§ DATA PROVIDED:
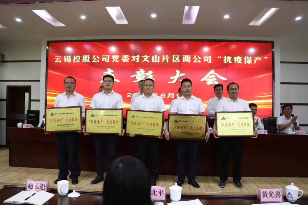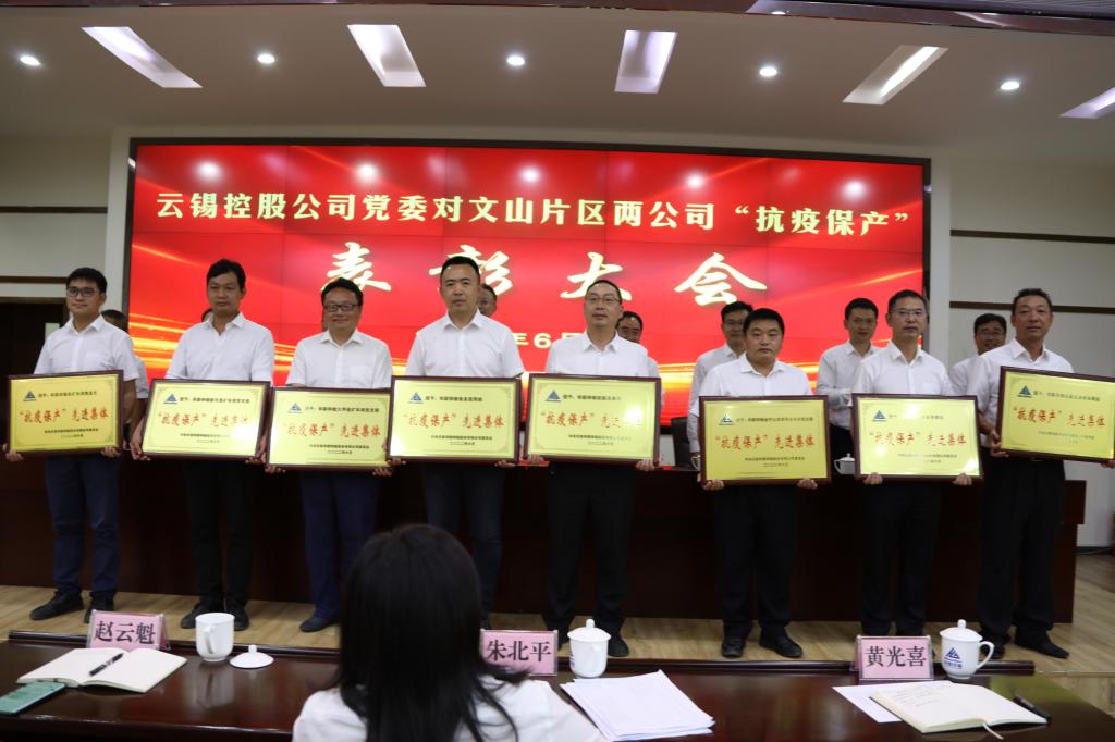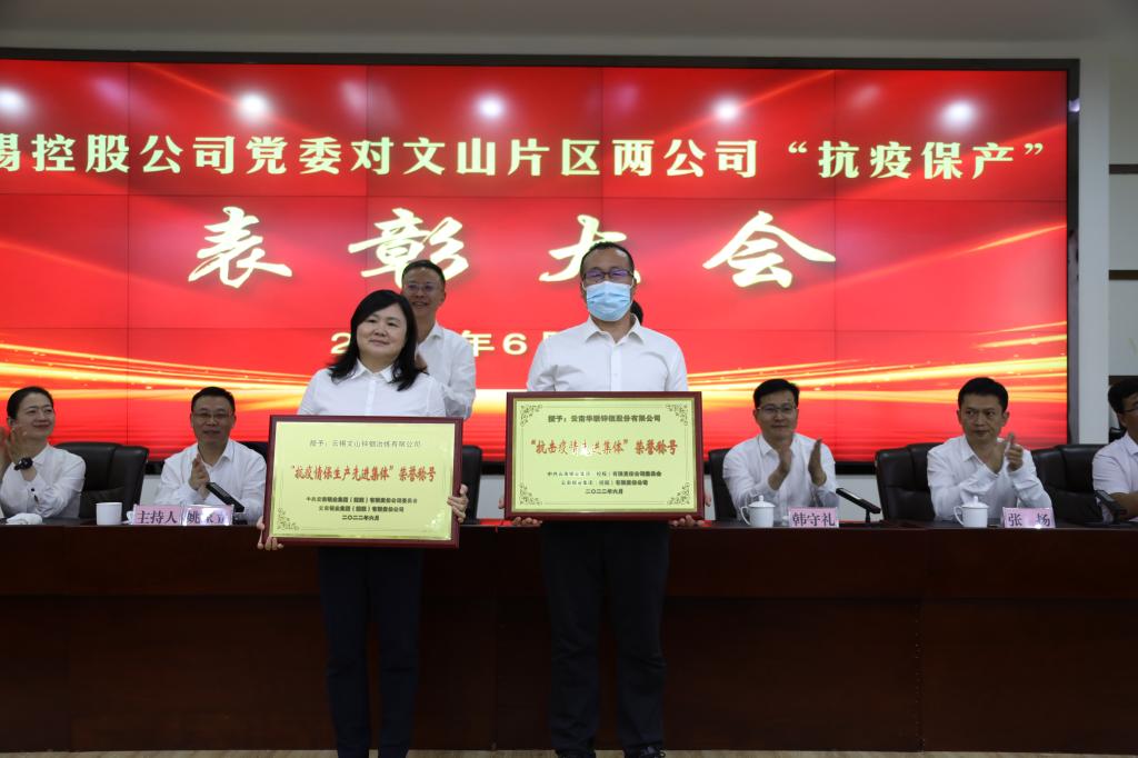 程睿涵宣讀云錫控股公司黨委表彰決定,授予華聯鋅銦“抗擊疫情先進集體”榮譽稱號,授予文山鋅銦“抗疫情保生產先進集體”榮譽稱號。
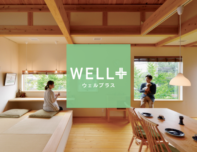お住まいになられる方の健康のために、国産無垢の木にこだわり、外張り断熱・冷暖房付き全館空調による、四季を通して快適な室内温度のバリアフリーを実現した住まい。
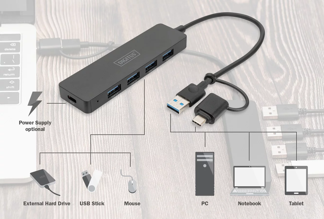 Компактний 4-портовий USB 3.0 концентратор DIGITUS Slim Line з кабелем 0,2 м забезпечує швидку передачу даних до 5 Гбіт/с. Підтримує підключення кількох пристроїв одночасно, має зворотну сумісність із USB 2.0 та 1.1. Підходить для використання вдома, в офісі та у подорожах.
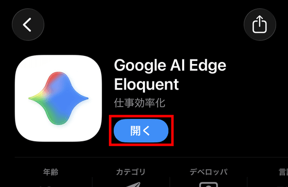 iPhoneでApp Storeの「Google AI Edge Eloquent」のページを開き、インストールして「開く」をタップします。

§ EXERCISE: From the first line to the last, set down the data exactly, without the pictures.

§ YOUR RESPONSE:
 程睿涵宣讀云錫控股公司黨委表彰決定,授予華聯鋅銦“抗擊疫情先進集體”榮譽稱號,授予文山鋅銦“抗疫情保生產先進集體”榮譽稱號。
お住まいになられる方の健康のために、国産無垢の木にこだわり、外張り断熱・冷暖房付き全館空調による、四季を通して快適な室内温度のバリアフリーを実現した住まい。
 Компактний 4-портовий USB 3.0 концентратор DIGITUS Slim Line з кабелем 0,2 м забезпечує швидку передачу даних до 5 Гбіт/с. Підтримує підключення кількох пристроїв одночасно, має зворотну сумісність із USB 2.0 та 1.1. Підходить для використання вдома, в офісі та у подорожах.
 iPhoneでApp Storeの「Google AI Edge Eloquent」のページを開き、インストールして「開く」をタップします。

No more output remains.